[theme-reviewers] Simple-Blue-Dashed 1.0
Gavin Pearce
GavinP at tbs.uk.com
Fri Jun 11 17:03:14 UTC 2010
Hi Chip,
That's not a bad idea at all you know ... Maybe we should split each
part of the review of each theme into different groups, and each Theme
review passes from one group to the next.
1st) Theme must pass security team review with no major fails, then
passes onto General;
2nd) Theme must pass functionality team with no major fails, then passes
onto CrossBrowser/HTML/CSS testing;
3rd) Theme must pass browser team browser testing to reasonable levels
(saw Tim Golen mention this a minute ago, personally I think this falls
under "technical" rather than "design" - there are plenty of standards
for this already defined).
4th) If at this point the total number of "advisories/minors" is below
X, the theme gets approved.
If one of the groups finds anything critical along the way the author is
advised once that groups "checking" is complete, and theme doesn't get
passed onto the next group. This saves everyone in every group testing
everything twice, just because of a security fail.

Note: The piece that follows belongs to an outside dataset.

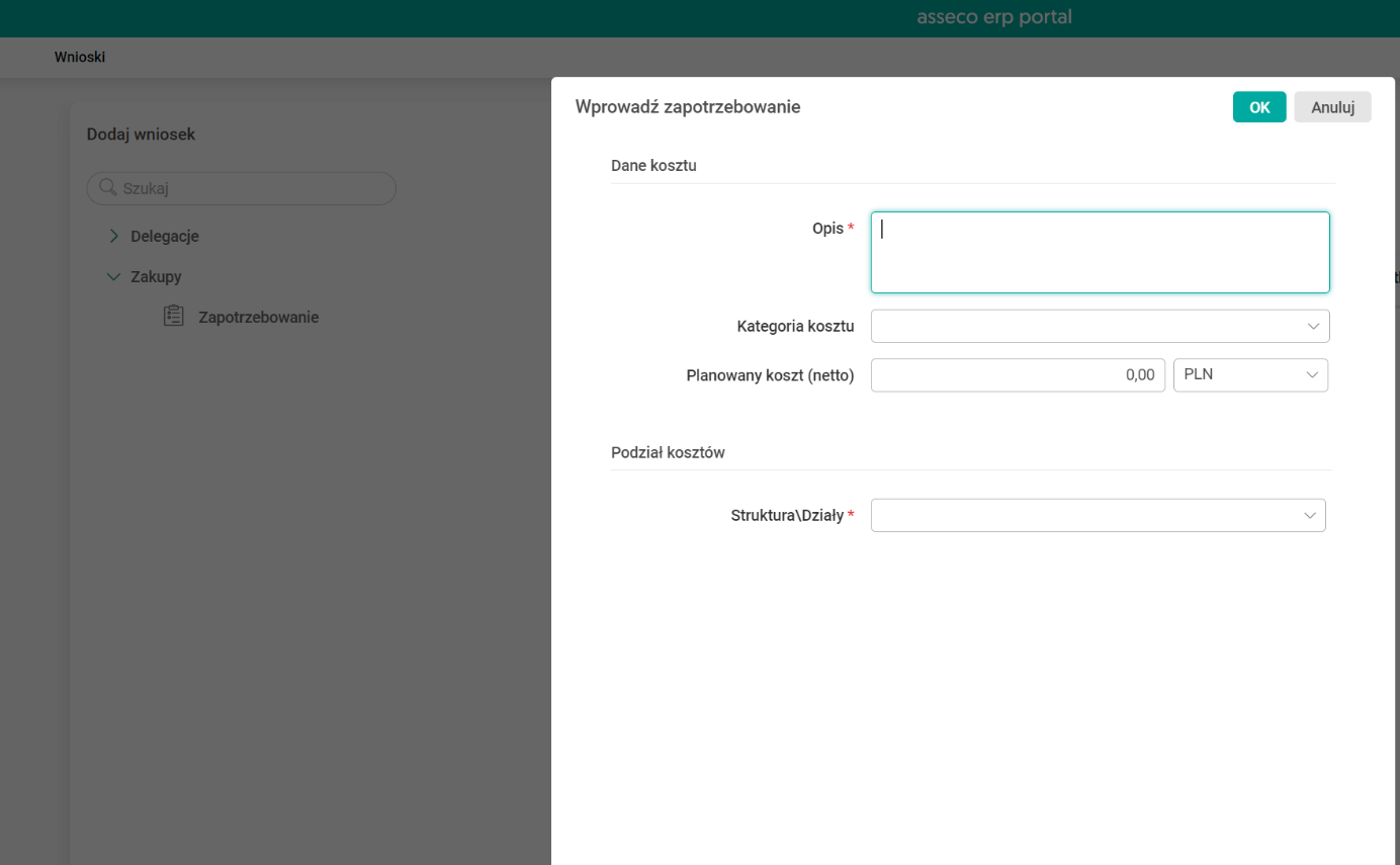 W tym celu w menu systemu wybiera właściwy formularz Wprowadź zapotrzebowanie, który następnie uzupełnia konkretnymi danymi, takimi jak: kategoria kosztu, data zakupu, dział – źródło kosztu, kwota zakupu, opis lub innymi danymi, których wymagalność została odpowiednio skonfigurowana. Nowy wniosek jest z automatu przypisany do wprowadzającego go pracownika i po jego wprowadzeniu do systemu zaczyna być cyfrowo procesowany – zgodnie ze zdefiniowaną w systemie ERP ścieżką akceptacji.

Then, all the volunteers who've offered here recently can decide what
team their skills best fit into, and be put to best use. I know some
people here would prefer to test cross-browser than security, and
vice-versa of course.
Gav
//gavinpearce.com
-----Original Message-----
From: theme-reviewers-bounces at lists.wordpress.org
[mailto:theme-reviewers-bounces at lists.wordpress.org] On Behalf Of
chip at chipbennett.net
Sent: 11 June 2010 17:50
To: theme-reviewers at lists.wordpress.org
Subject: Re: [theme-reviewers] Simple-Blue-Dashed 1.0
> Security is a big item, themes mis-use any external data ($_GET,
> $_POST, $_REQUEST, $_COOKIE, $_SERVER) must be addressed, no two ways
> about it. Direct DB queries must properly escape data in the query
> (and if there is a WP function to do the same thing the direct DB
> query should be replaced with the function call). Those are the
> basic, *minimum* things that every theme needs to address security
> wise.
For those of us who are less-than-expert in the SQL aspects of theme
reviewing, can those who are more adept create a reasonably
easy-to-follow
security checklist?
Or, maybe we should have some security-ninja theme reviewers, who can
focus on the security aspects of themes? If so, we could divy up the
review work, such that security concerns are handled separately - after
the theme is initially reviewed (and cleaned up, if necessary) based on
the "normal" criteria?
> Sometimes the theme author just isn't aware of specific functions or
> services in WordPress, so some hints and reference URLs for more info
> are helpful there.
Agreed. I tried to add in Codex references, where appropriate, in my
first
review.
Speaking of which: the Theme Development Checklist entry in the Codex is
sorely in need of cross-referencing to Codex entries for functions,
template tags, and hooks/filters.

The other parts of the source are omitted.